Penn was one of five higher education institutions to receive the Presidential Award. The five awards were granted out of 14 finalists, and 513 were admitted to the honor roll.

“This is a significant federal award,” said Joann Weeks, an associate director of Penn’s Netter Center for Community Partnerships. “We can really take it as a chance to highlight all the exemplary things we do across the campus.”

Carson-Newman College, Miami, North Carolina State and Seattle universities also received the award.

The five awards spanned four categories — general community service, early childhood education, promise neighborhoods model and summer learning.

This year, Penn was honored for its commitment in the summer learning category. In 2007, Penn received the Presidential Award in the general community service category and it has made the honor roll with distinction several times since 2006.

Weeks and David Grossman, Civic House director, will accept the award at a meeting on Mar. 12 sponsored by the American Council on Education in Los Angeles, Calif.

The honor roll was launched in 2006 and originated with the widespread efforts of college students to provide relief along the Gulf Coast after Hurricane Katrina. It annually celebrates the marriage of meaningful community service with the personal and academic growth that service can offer students. The award is jointly sponsored by the national Department of Education, Department of Housing and Urban Development and the Corporation for National and Community Service.

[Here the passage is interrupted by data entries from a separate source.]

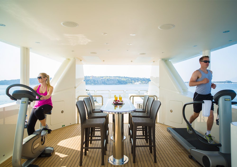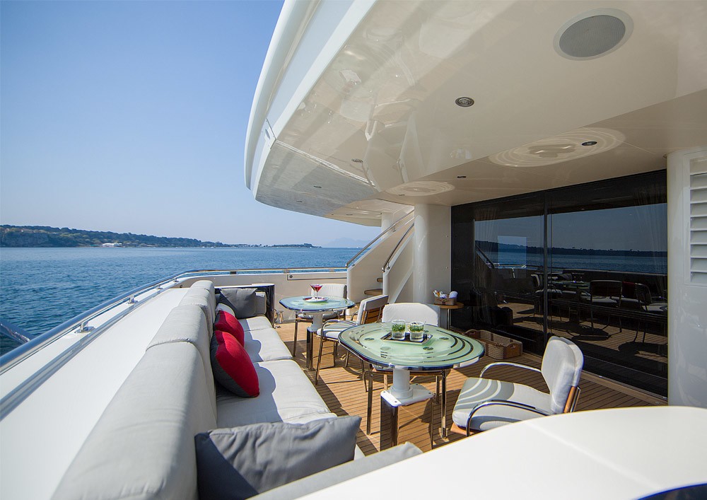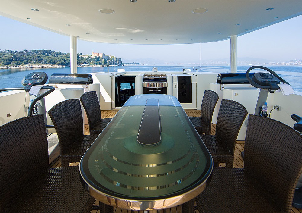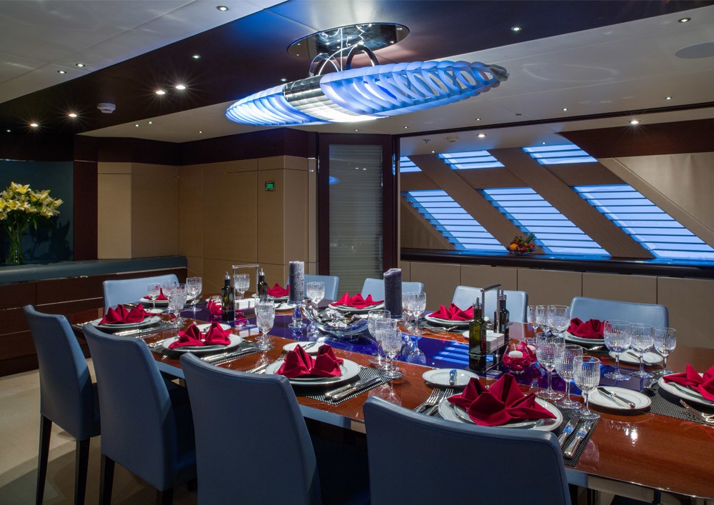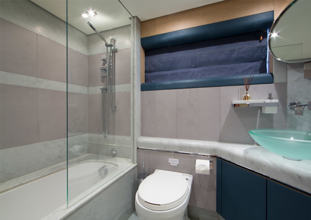 M/Y ROBUSTO’s owner’s quarters are forward on the main deck. This consists of a private office/study, which then flows through to a full width master with ensuite facilities, including a whirlpool bath and separate shower. Fitted with a Californian king bed, marble covered side cabinets and finished in bird’s eye maple. This are also houses a home style theatre system with flat screen TV. The owner’s study has a custom built Anigre veneer writing desk and separate seating area.
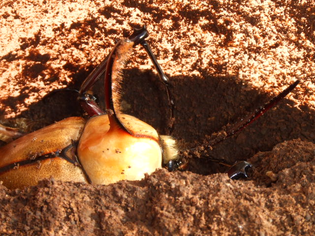 よく蛹室で折れたり曲がったりしないものなんですね。でも前蛹で転がり落ちちゃったやつは、ツノ曲がりで蛹になりましたが。
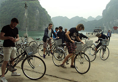 Đi xe đạp quanh đảo, một loại hình du lịch hấp dẫn du khách mỗi khi đến thăm xã đảo Việt Hải.

This year, the Netter Center worked with Civic House to compile an application highlighting programs that exemplified the goals lined out in one of four of the award’s main categories.

Penn’s application focused on summer learning — programs that offer a “safe, healthy environment for academic enrichment during summer breaks to help students retain what they learned during the academic year,” according to a Corporation for National and Community Service press release.

Many of the programs listed in Penn’s application are sponsored by Civic House, the Netter Center and other campus groups. Many involve working with middle and high school students in Philadelphia.

One such program is the Freedom Schools initiative, a Netter Center project that “provides daily summer programs with academic and cultural focuses” to K-8 students in West Philadelphia, Weeks said.

Penn’s chapter of InnoWorks, a national science and engineering program, offers a free one-week math and science camp in the summer for underprivileged middle school students in the Philadelphia area.

According to Weeks, this student-led program exhibits how the award recognizes not only individual service groups but also the entire Penn community.

“It is not just significant in terms of praising Penn, but it’s an award given to an institution that exemplifies what universities are all about: education that makes a difference,” said Ira Harkeavy, founding director and associate vice president of the Netter Center.